Decoupling was abandoned in 1972. The MA rolling stock continued serving on line 13 during its expansion to Champs-Élysées, but the sets were transferred to Line 10 between 1975 and 1976 in order to make way for the merging of Lines 13 and then-14 as well as a new upcoming rolling stock, the MF 77, still used today despite its upcoming replacement to the brand new MF 19 expected by 2030.

==MA on Line 10==
Because the metro network still contained many Sprague-model stock in 1974, the RATP decided not to eliminate the MA but instead to modernize it and use it on a line experiencing only light traffic. As a result, the trains were renovated and put in service on Line 10 with six cars permanently attached. A new dark-blue livery was applied, similar to that of the then-new MP 73.

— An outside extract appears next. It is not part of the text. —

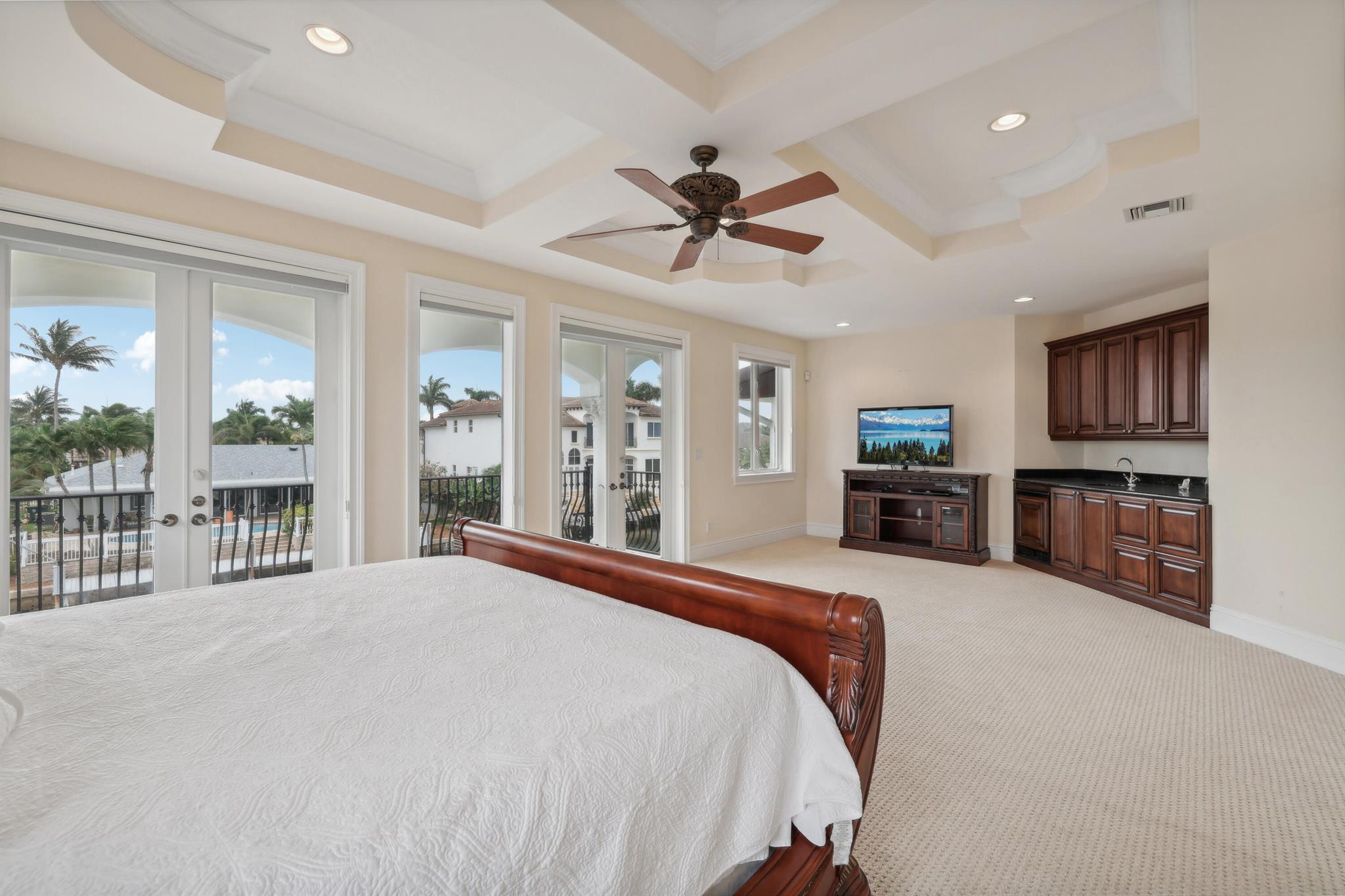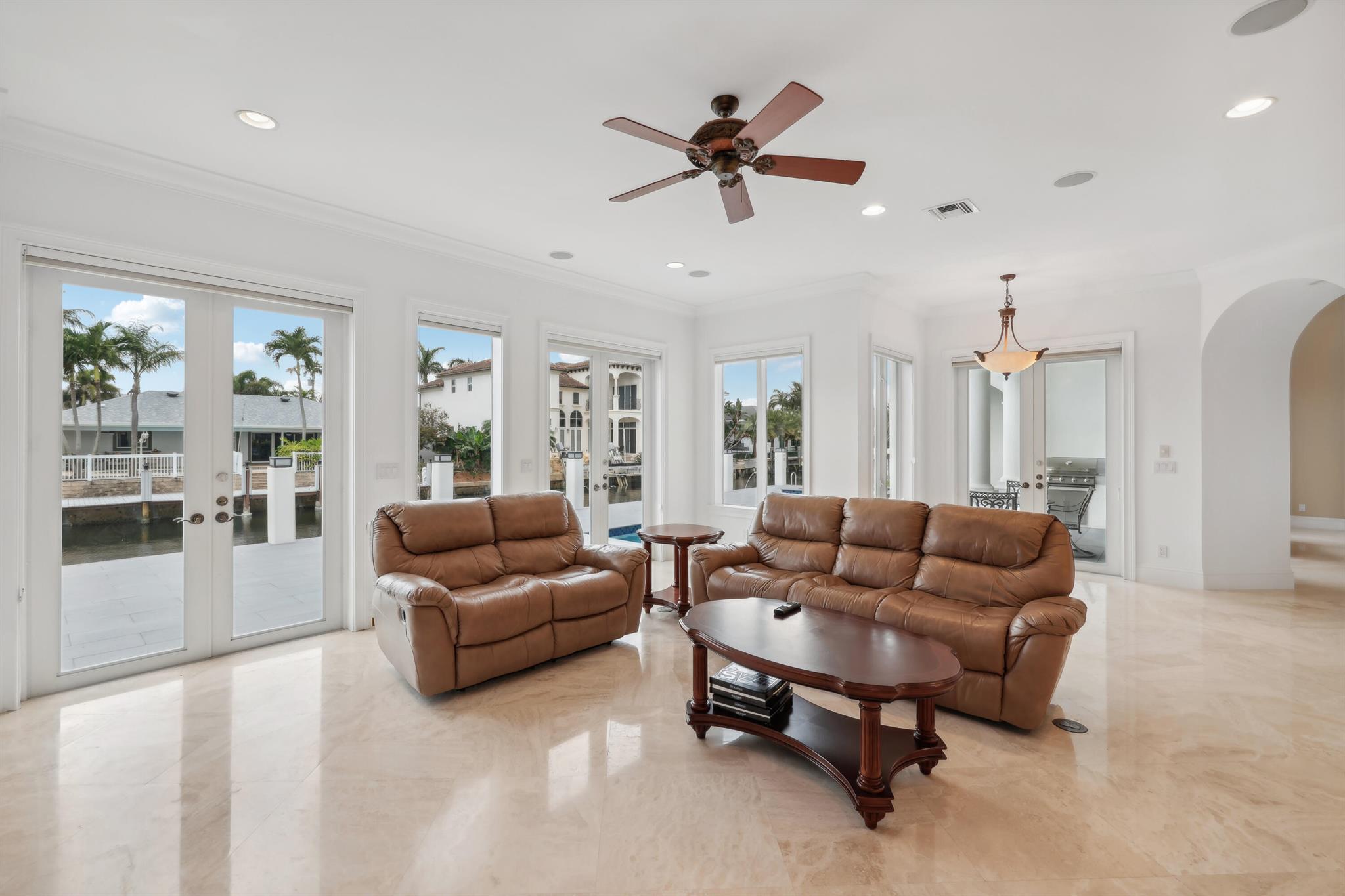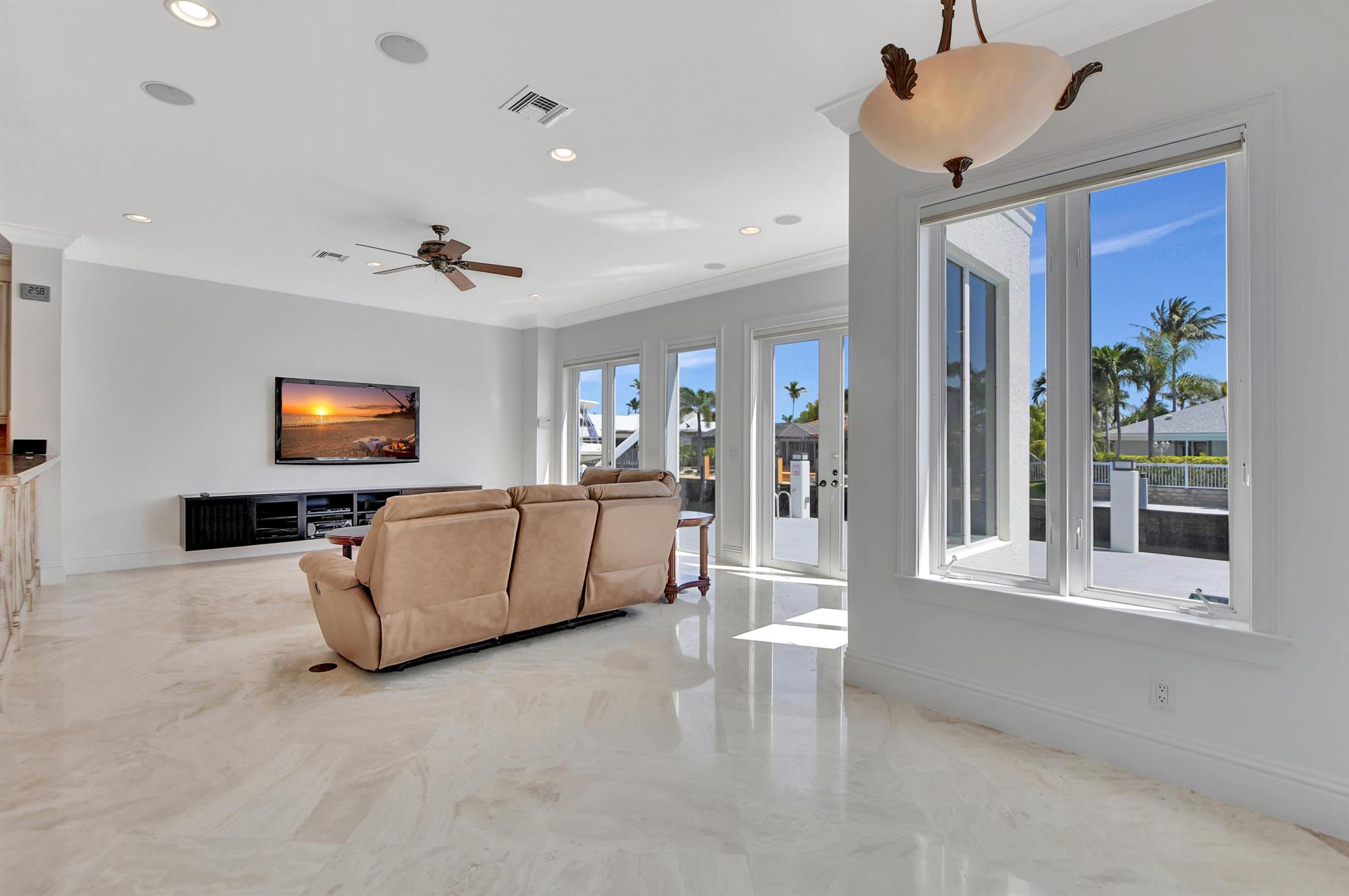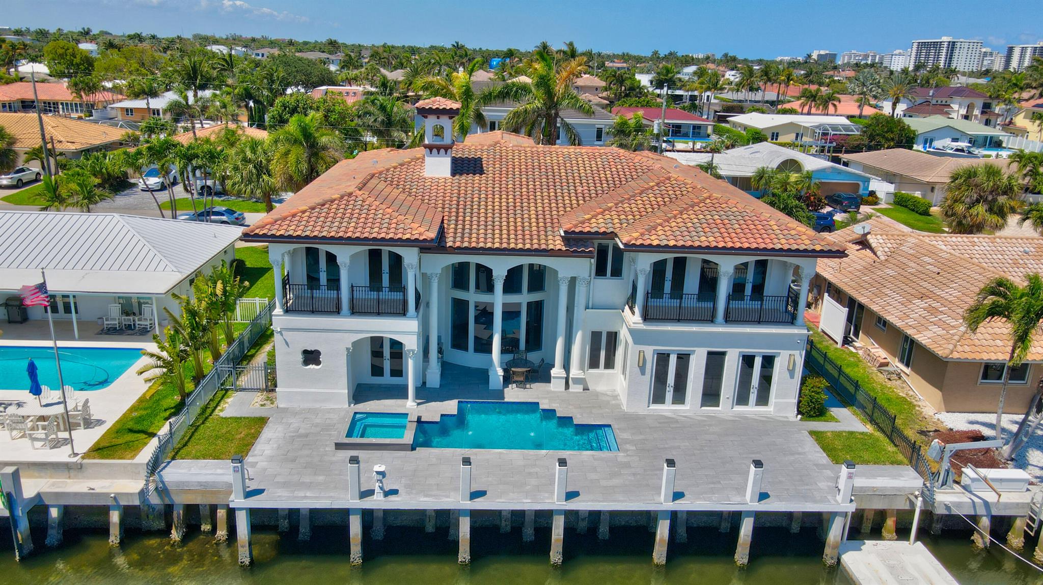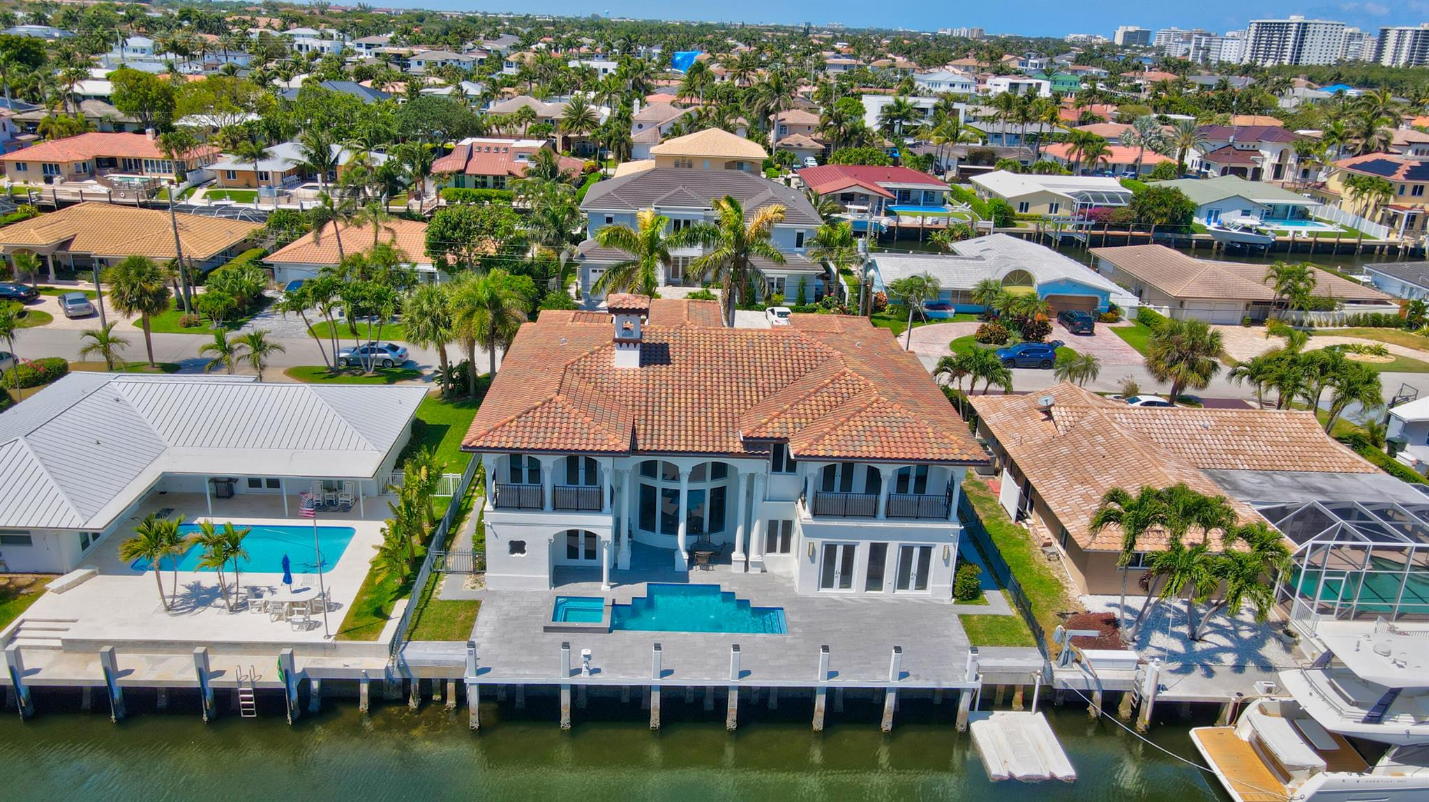 Experience the luxury living in this magnificent deepwater mansion with SE exposure, no fixed bridges and ocean access. Enter to find a soaring stone fireplace and a chef’s gourmet kitchen complete with a center island. The resort-style pool and spa, outdoor summer kitchen, and hurricane-impact glass to ensure a lifestyle of opulence and security. This exquisite residence features 5 large bed suites, 4.5 baths, a magnificent library, and balconies. The kitchen is equipped with Thermador gas cooktop, Bosch dishwasher, double ovens, and a spacious granite island with a veggie sink. Enjoy the entire day sun in the brand-new pool and spa and dock. 85′ prime dockage and a turning basin. With windows and doors all hurricane-impact glass, this home offers true Boca Raton living at its finest

First class was moved to a long body section and lighting followed that of the MP 73. The interior walls contained a blue tint adopted by the MP 73 as well as the new MF 67 E&F. During the 1980s, the door that hid the control panel was removed and the cabins were occupied only by RATP conductors. This resulted in the largest driving cabin of the network at the time.

Unable to accommodate autopilot and equipped with brakes that proved too delicate for steel rail tracks, the MA's replacement with newer rolling stock became inevitable. Replacement of the MA with MF 67 trains began in 1988 and was completed in 1994, with the last MA train serving on June 15. These MF 67 trains came to line 10 from Line 7bis (which then received the MF 88), and are only replaced nowadays with the arrival of the brand new MF 19. Two MA trainsets have been preserved - one by the RATP and the other by ADEMAS, a French association of railway enthusiasts.